▸ The data:
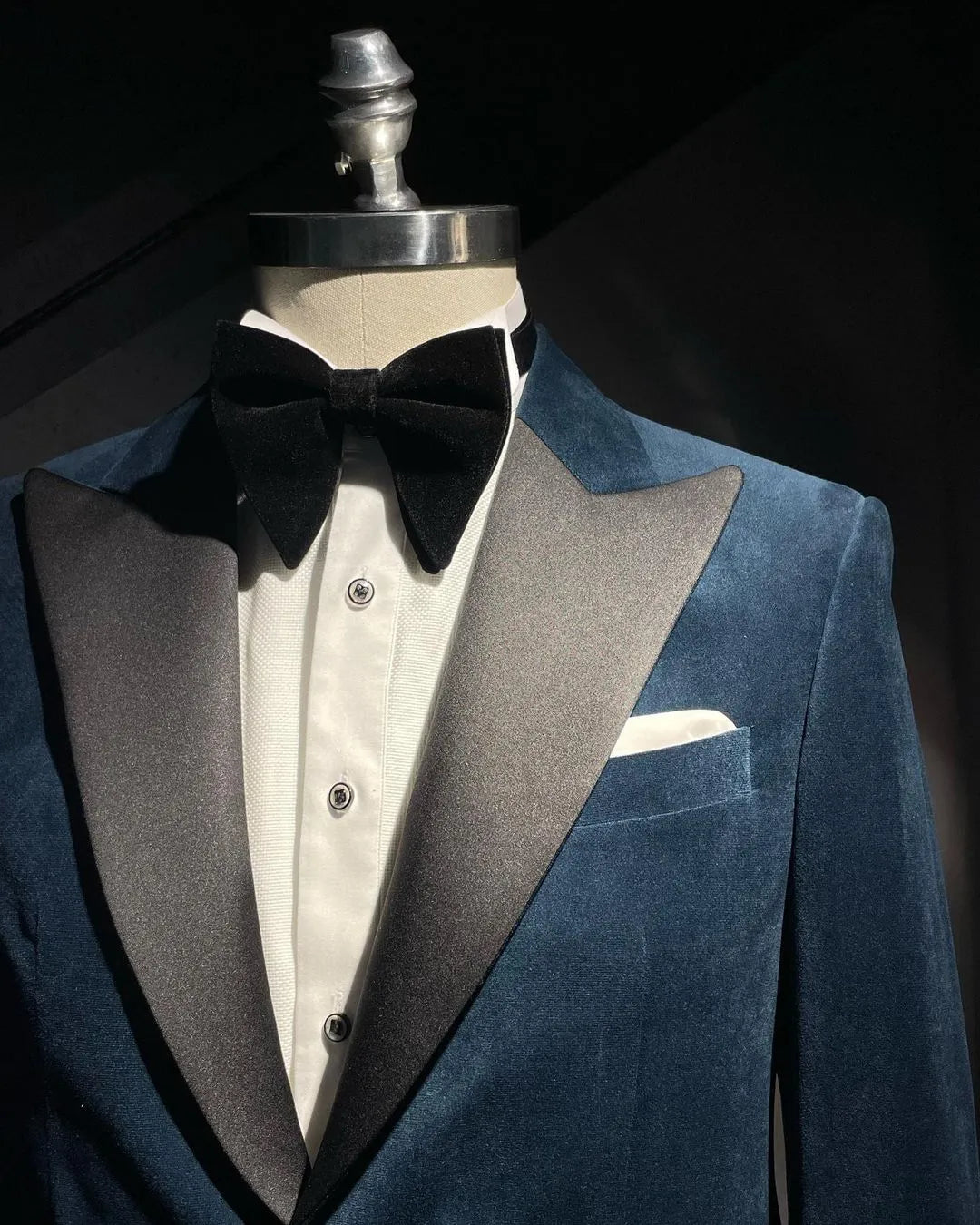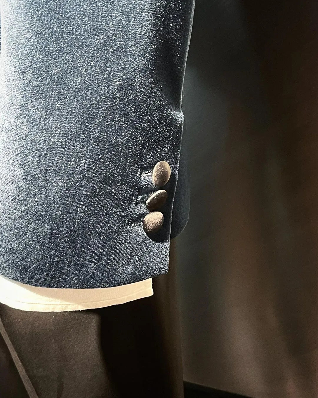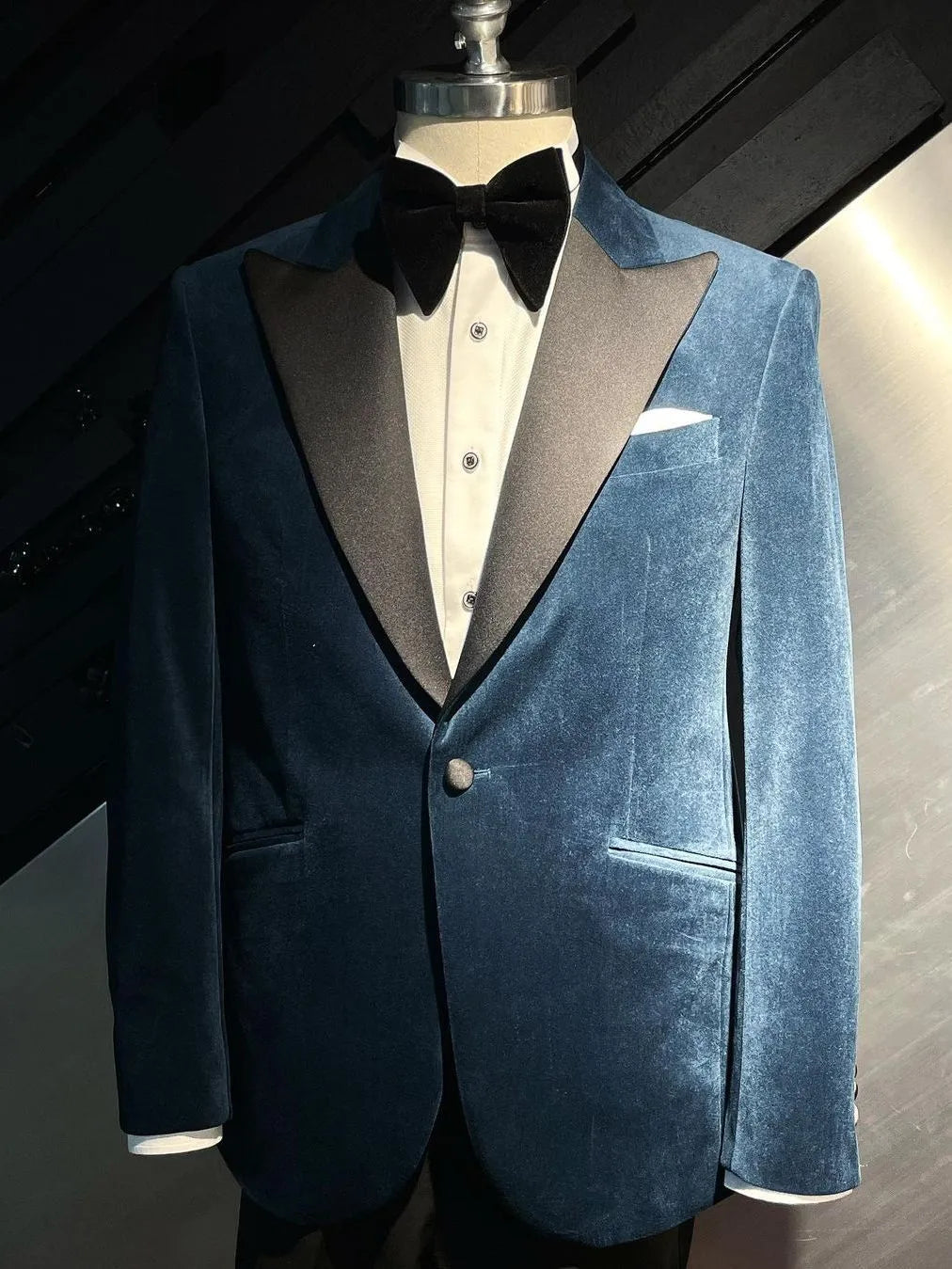 Men Suit Sets Blue Velvet Blazers For Men Groom's Wedding Dress Dress Peaky Blinder Costumes 2 Pieces
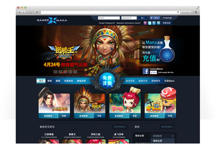 GamesMana is a game portal that host variety web games and allow member play games in browser with login.
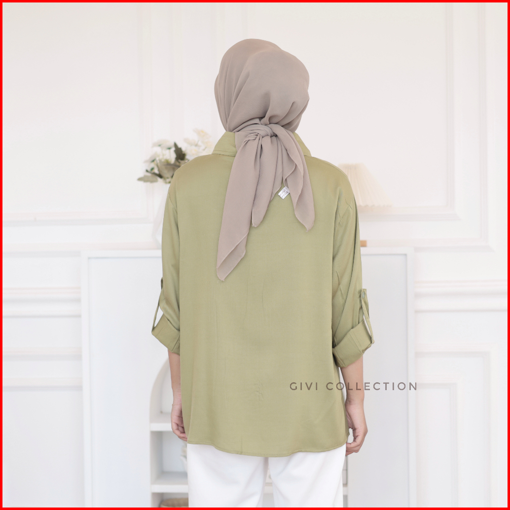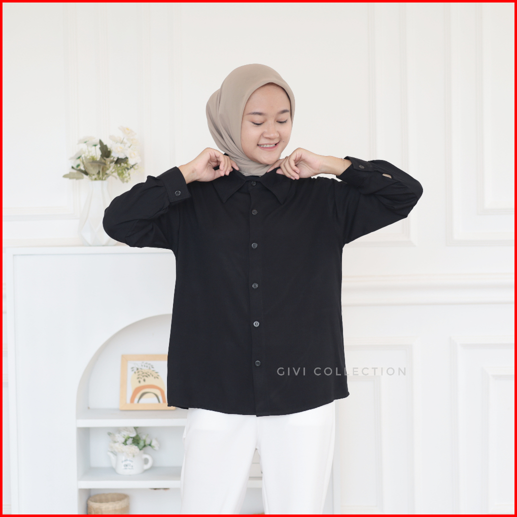 Megie Shirt Kemeja Polos Wanita Rayon Twill Tebal Kemeja Casual Tangan Skoder
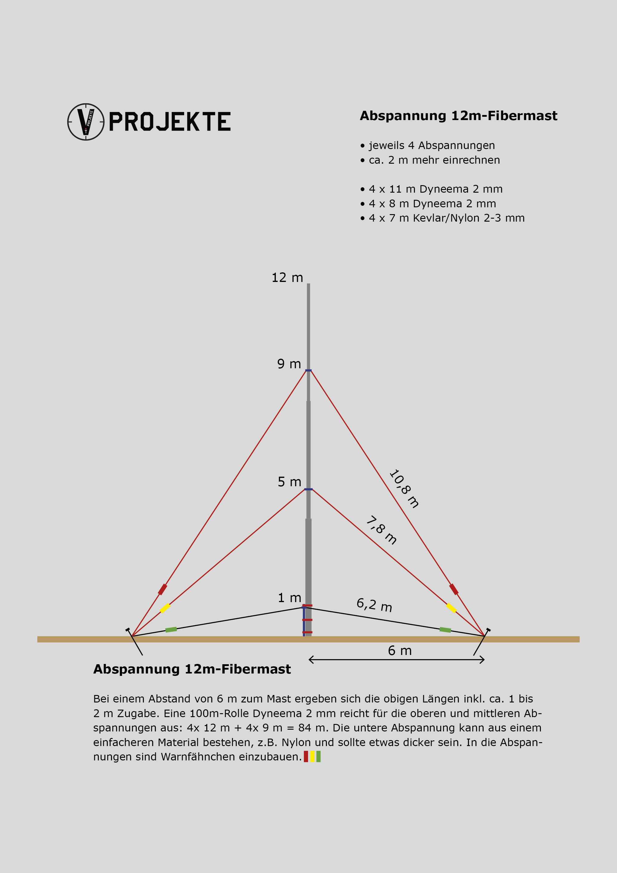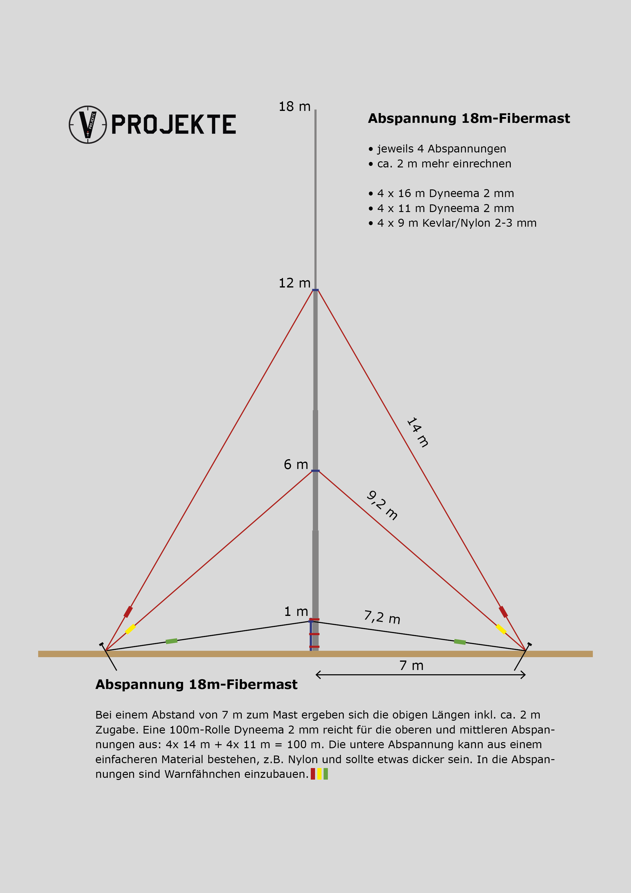 Nachfolgend die Abspannmaße für einen 18m-Mast und einen 12m-Mast. Ein 10m-Mast kann wie der 12m-Mast abgespannt werden, evtl. geht man 1 Element tiefer.

▸ Assignment:
Give back the listing exactly, without a single picture.

▸ Your response:
 Men Suit Sets Blue Velvet Blazers For Men Groom's Wedding Dress Dress Peaky Blinder Costumes 2 Pieces
 GamesMana is a game portal that host variety web games and allow member play games in browser with login.
 Megie Shirt Kemeja Polos Wanita Rayon Twill Tebal Kemeja Casual Tangan Skoder
 Nachfolgend die Abspannmaße für einen 18m-Mast und einen 12m-Mast. Ein 10m-Mast kann wie der 12m-Mast abgespannt werden, evtl. geht man 1 Element tiefer.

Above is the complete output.